Author: Joshilyn Jackson
Publisher: William Morrow
Genre: Fiction
Source: William Morrow
Goodreads: With empathy, grace, humor, and piercing insight, the author of gods in Alabama pens a powerful, emotionally resonant novel of the South that confronts the truth about privilege, family, and the distinctions between perception and reality—the stories we tell ourselves about our origins and who we really are.
Superheroes have always been Leia Birch Briggs’ weakness. One tequila-soaked night at a comics convention, the usually level-headed graphic novelist is swept off her barstool by a handsome and anonymous Batman.
It turns out the caped crusader has left her with more than just a nice, fuzzy memory. She’s having a baby boy–an unexpected but not unhappy development in the thirty-eight year-old’s life. But before Leia can break the news of her impending single-motherhood (including the fact that her baby is biracial) to her conventional, Southern family, her step-sister Rachel’s marriage implodes. Worse, she learns her beloved ninety-year-old grandmother, Birchie, is losing her mind, and she’s been hiding her dementia with the help of Wattie, her best friend since girlhood.

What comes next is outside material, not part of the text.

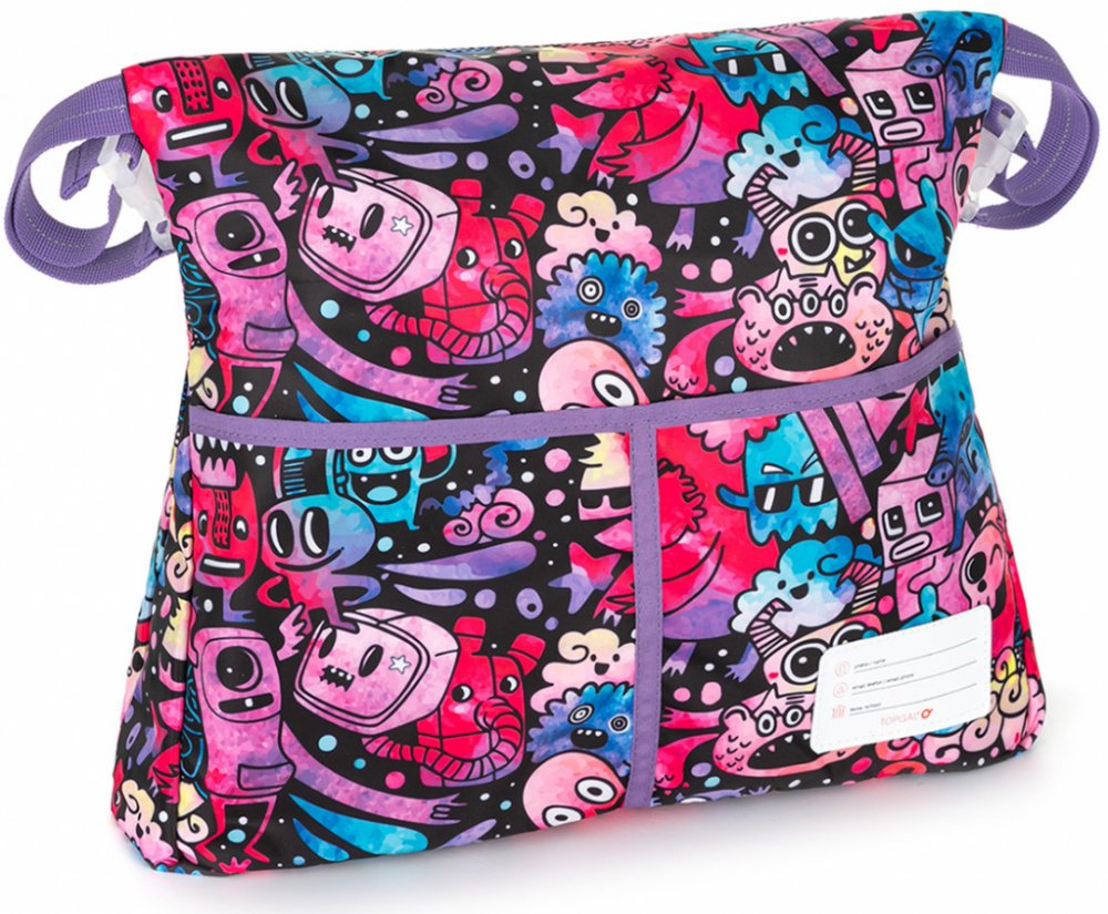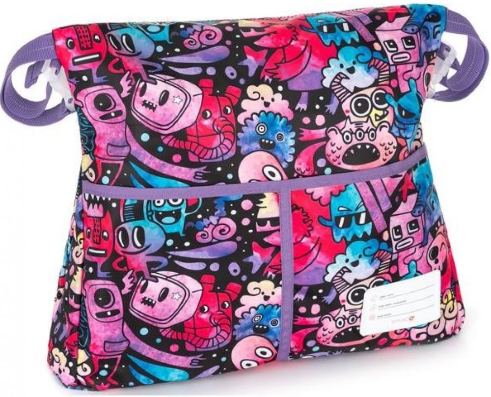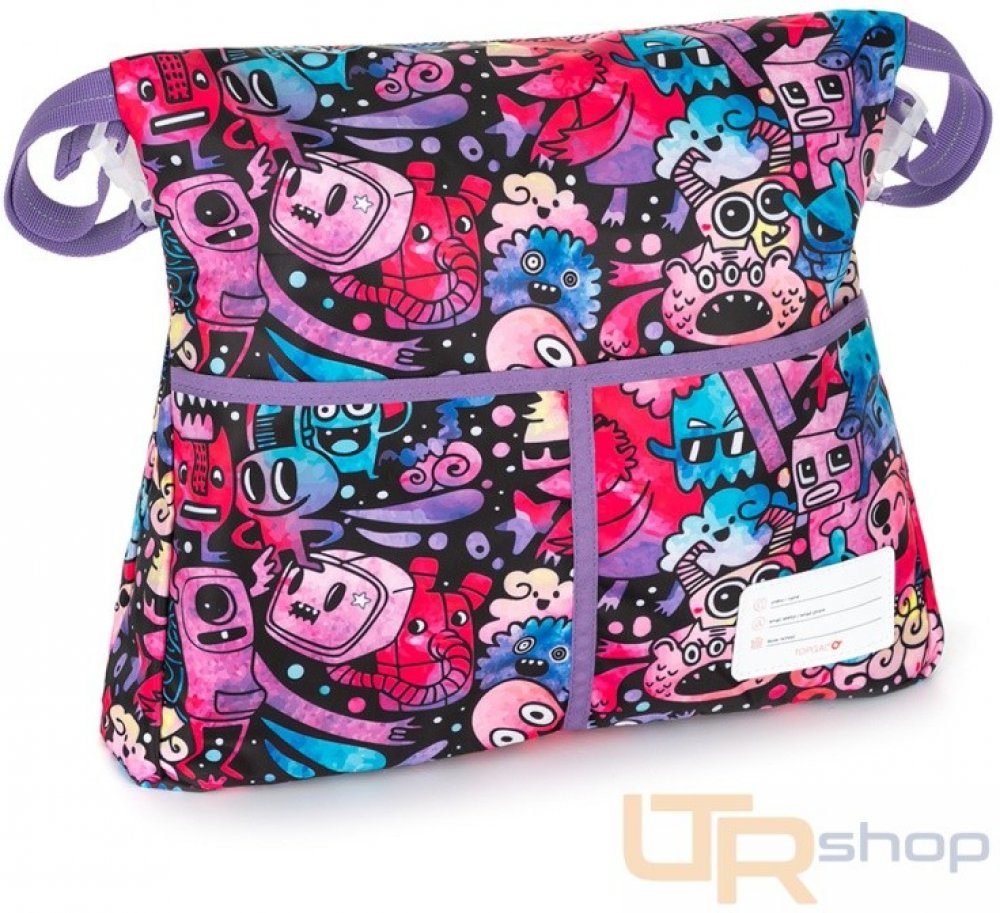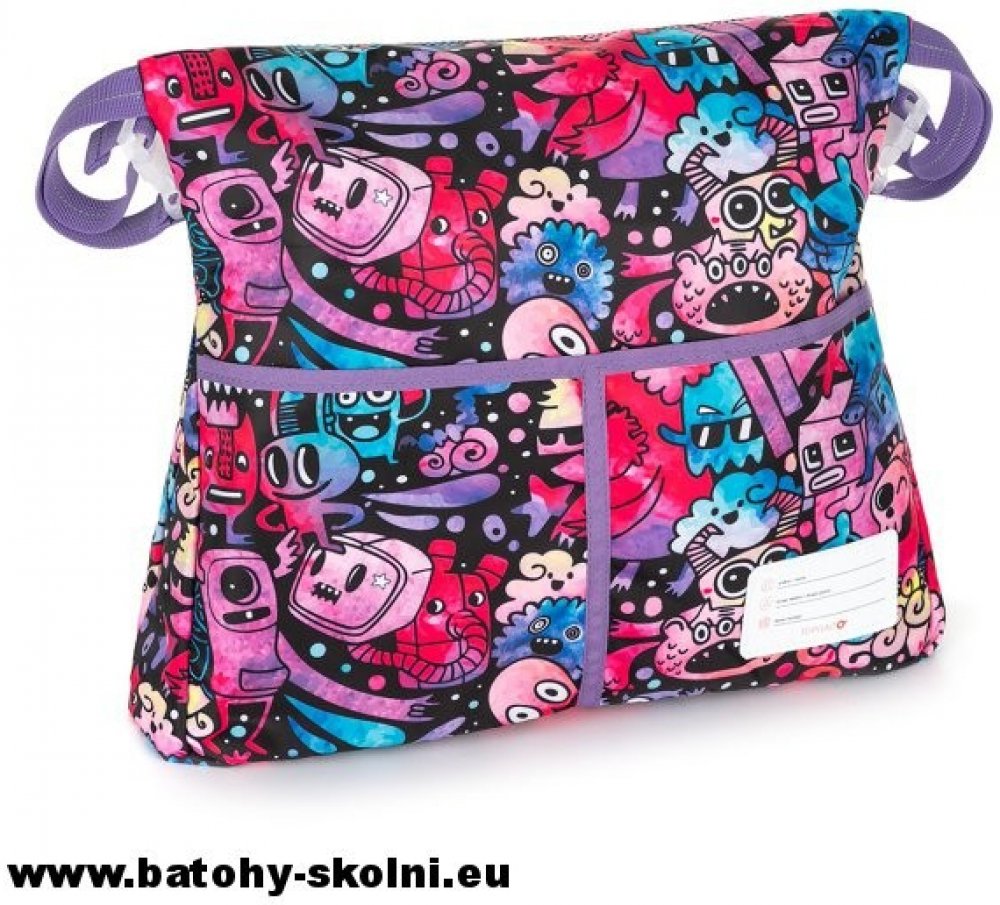 Jedna velká a dvě menší kapsy jsou určeny na uschování drobností každého školáka (vodové barvy a jiné školní pomůcky). Horní velká kapsa je uzavíratelná na zip, dvě boční kapsičky jsou volně přístupné. Pytlík je opatřen jmenovkou a popruhy s přezkami pro uchycení k lavici.

Leia returns to Alabama to put her grandmother’s affairs in order, clean out the big Victorian that has been in the Birch family for generations, and tell her family that she’s pregnant. Yet just when Leia thinks she’s got it all under control, she learns that illness is not the only thing Birchie’s been hiding. Tucked in the attic is a dangerous secret with roots that reach all the way back to the Civil War. Its exposure threatens the family’s freedom and future, and it will change everything about how Leia sees herself and her sister, her son and his missing father, and the world she thinks she knows.
Ope’s Opinion: I liked the Southern woman in this book and their relationships. As usual, Joshilyn Jackson makes the characters come alive. She makes me feel like these are women I know or wish I knew. They kept me reading.
The “sister” relationship is shown between Leia and Rachel and Birchie and Wattie. They are of different generations, but the relationships are similar, easy to relate to.
A little mystery, along with all the southern charm and the heartache of being a care taker of an elderly relative, make this a very well rounded story. The ending left me wanting a little more.
I’ll probably end up listening to this one. I appreciate your thoughts on it!